Google Cloud
A quick start guide for Featureform on GCP using Terraform.
This quickstart will walk through creating a few simple features, labels, and a training set using BigQuery and Firestore. We will use a transaction fraud training set.
- Python 3.7+
- An available domain/subdomain you own that can be pointed at your cluster IP
https://github.com/featureform/featureform.git
cd featureform/terraform/gcp
We'll start BigQuery, Firestore, and Google Kubernetes Engine (GKE). (Specific services can be enabled/disabled as needed in terraform.auto.tfvars)
We need to set:
export PROJECT_ID=<your-project-id> # Your GCP Project ID
export DATASET_ID=featureform # The BigQuery Dataset we'll use
export BUCKET_NAME=<your-bucket-name> # A GCP Storage Bucket where we can store test data
export COLLECTION_ID=featureform_collection # A Firestore Collection ID
export FEATUREFORM_HOST=<your-domain-name> # The domain name that you own
cd gcp_services
gcloud auth application-default login # Gives Terraform access to GCP
gcloud config set project $PROJECT_ID # Sets our GCP Project
terraform init; \
terraform apply -auto-approve \
-var="project_id=$PROJECT_ID" \
-var="bigquery_dataset_id=$DATASET_ID" \
-var="storage_bucket_name=$BUCKET_NAME" \
-var="firestore_collection_name=$COLLECTION_ID"

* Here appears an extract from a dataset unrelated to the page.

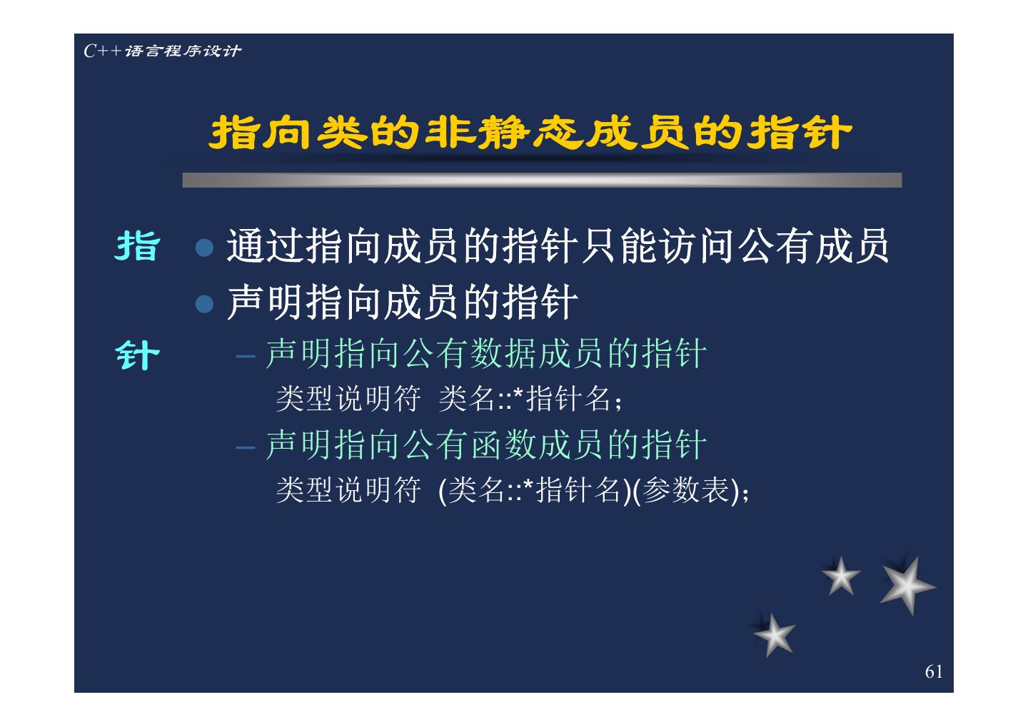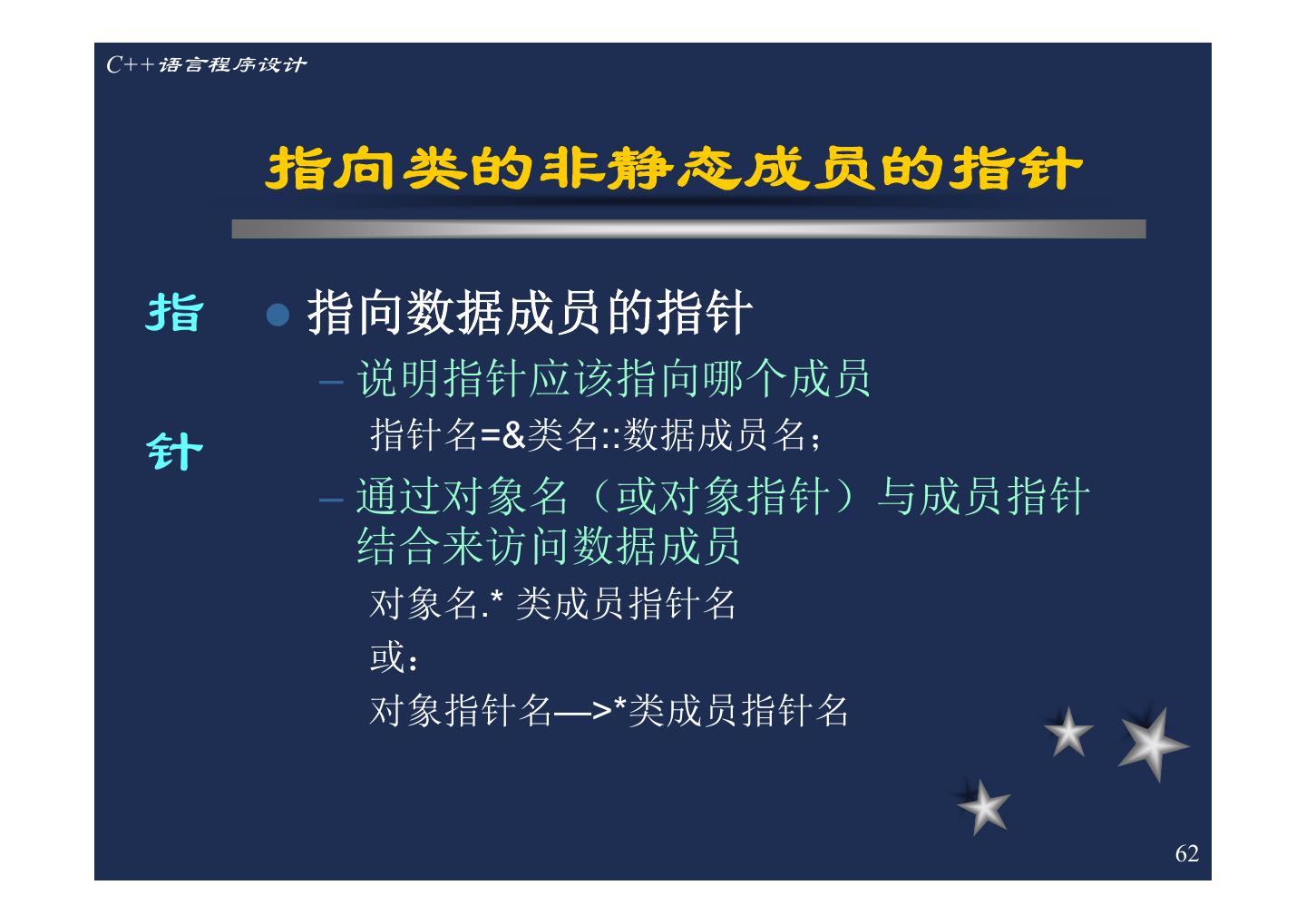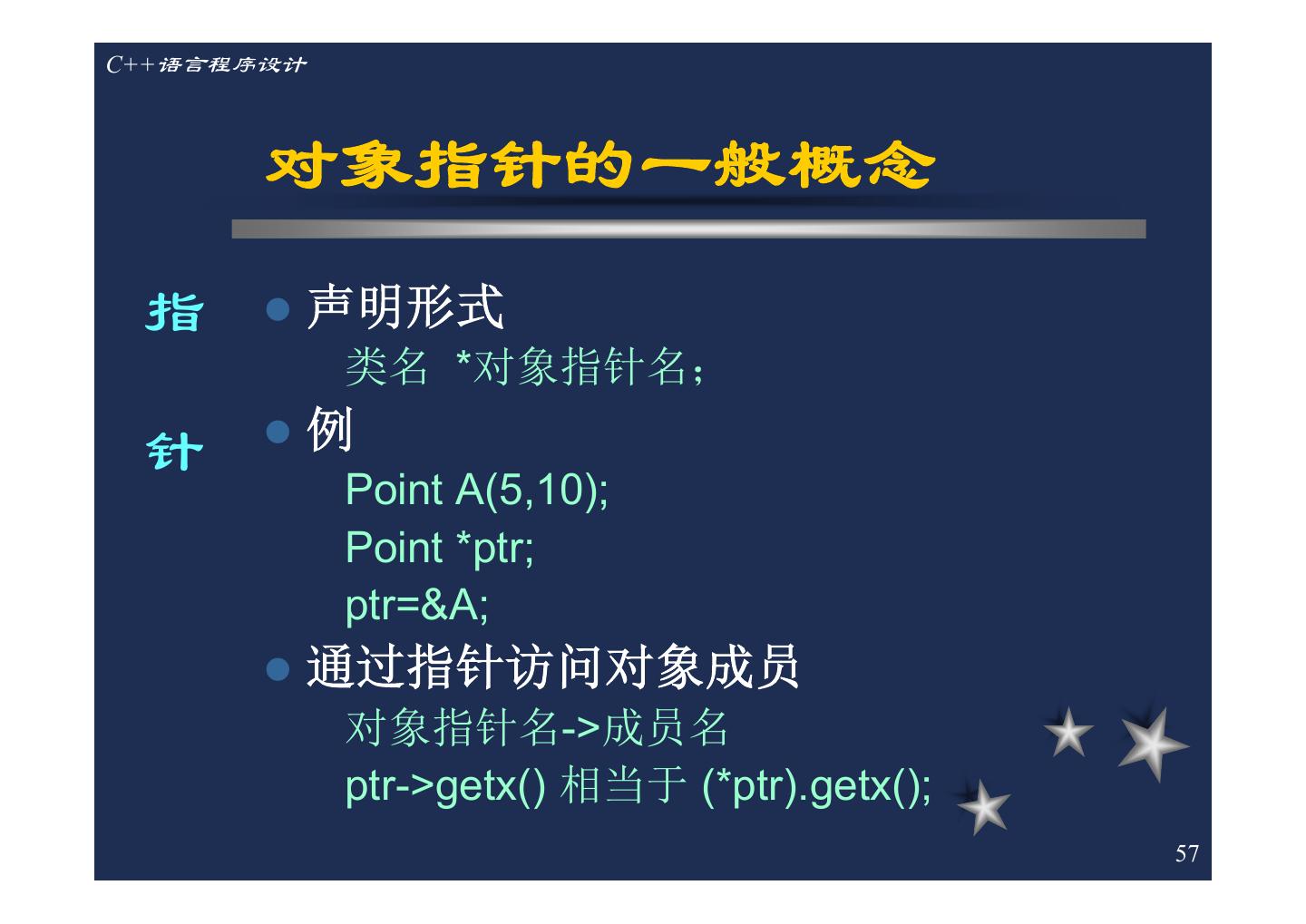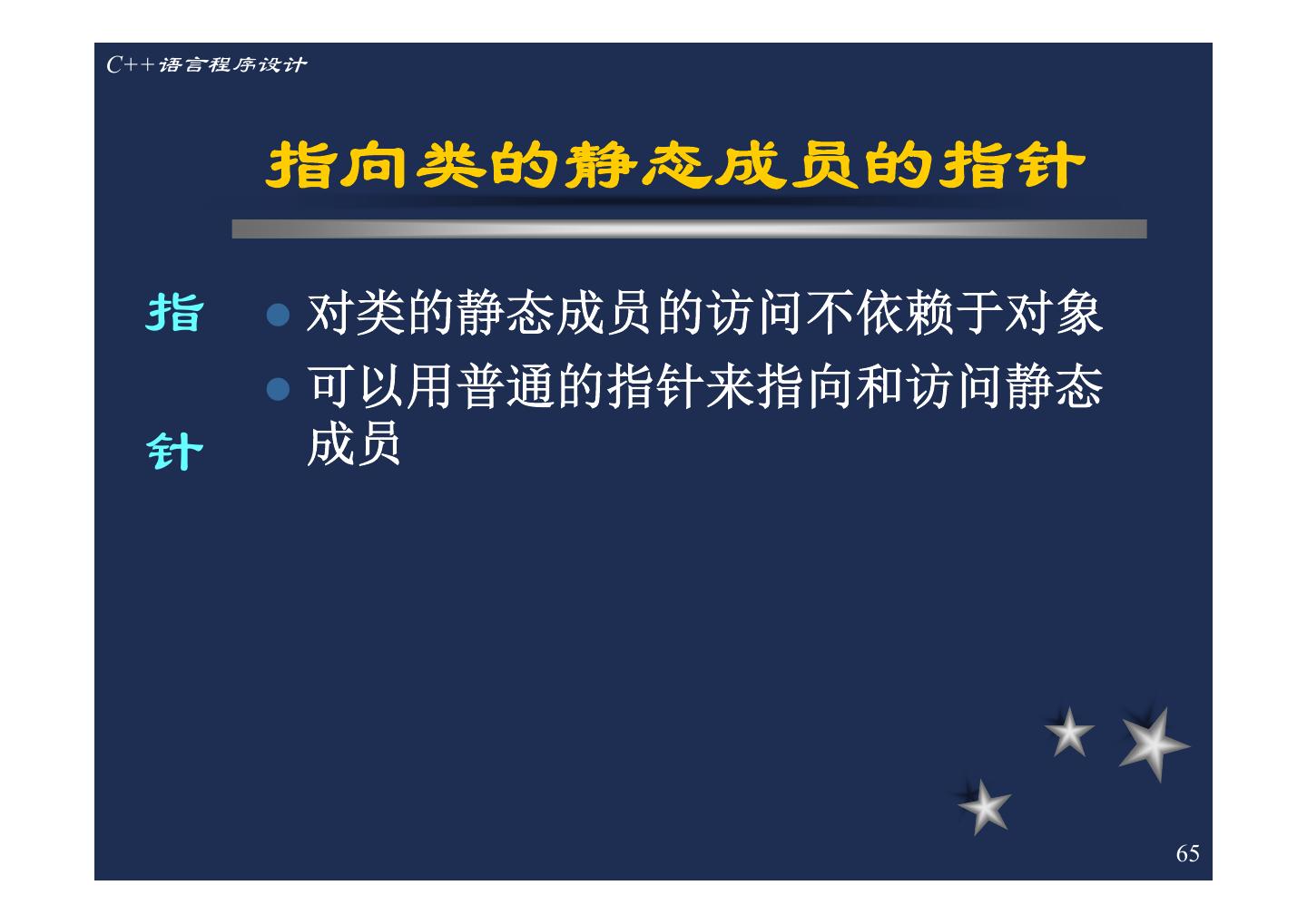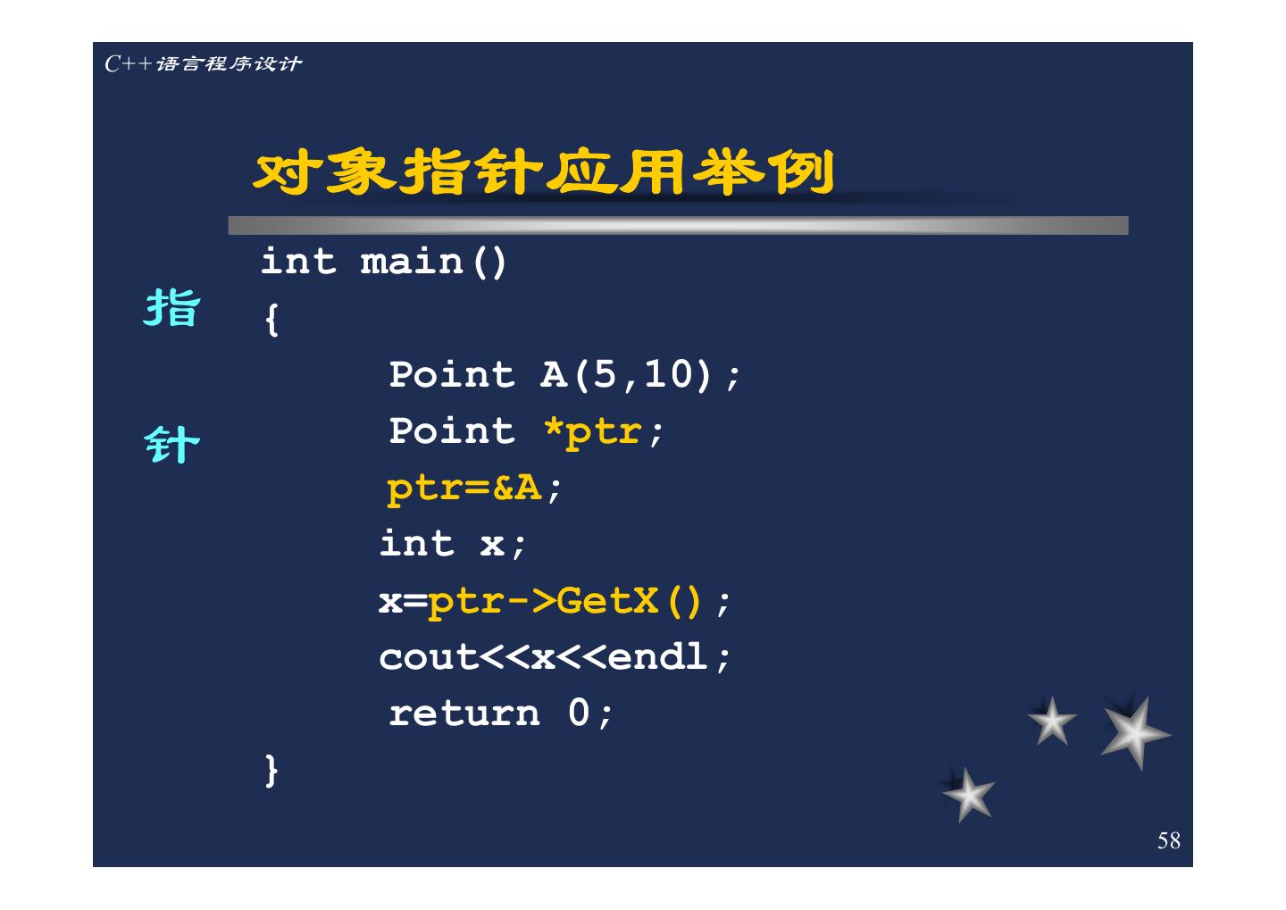 28 .C++语言程序设计 指 指针变量的初始化 语法形式 存储类型 数据类型 *指针名=初始地址; 针 例: int *pa=&a; 28

We need to load the GKE config into our kubeconfig.
gcloud container clusters get-credentials $(terraform output -raw kubernetes_cluster_name) --region $(terraform output -raw region)
We'll use terraform to install Featureform on our GKE cluster.
cd ../featureform
terraform init; terraform apply -auto-approve -var="featureform_hostname=$FEATUREFORM_HOST"
Featureform automatically provisions a public certificate for your domain name.
To connect, you need to point your domain name at the Featureform GKE Cluster.
We can get the IP Address for the cluster using:
kubectl get ingress | grep "grpc-ingress" | awk {'print $4'} | column -t
You need to add 2 records to your DNS provider for the (sub)domain you intend to use:
- 1.A CAA record for letsencrypt.org value:
0 issuewild "letsencrypt.org"
. This allows letsencrypt to automatically generate a public certificate - 2.An A record with the value of the outputted value from above
We can load some demo data into BigQuery that we can transform and serve.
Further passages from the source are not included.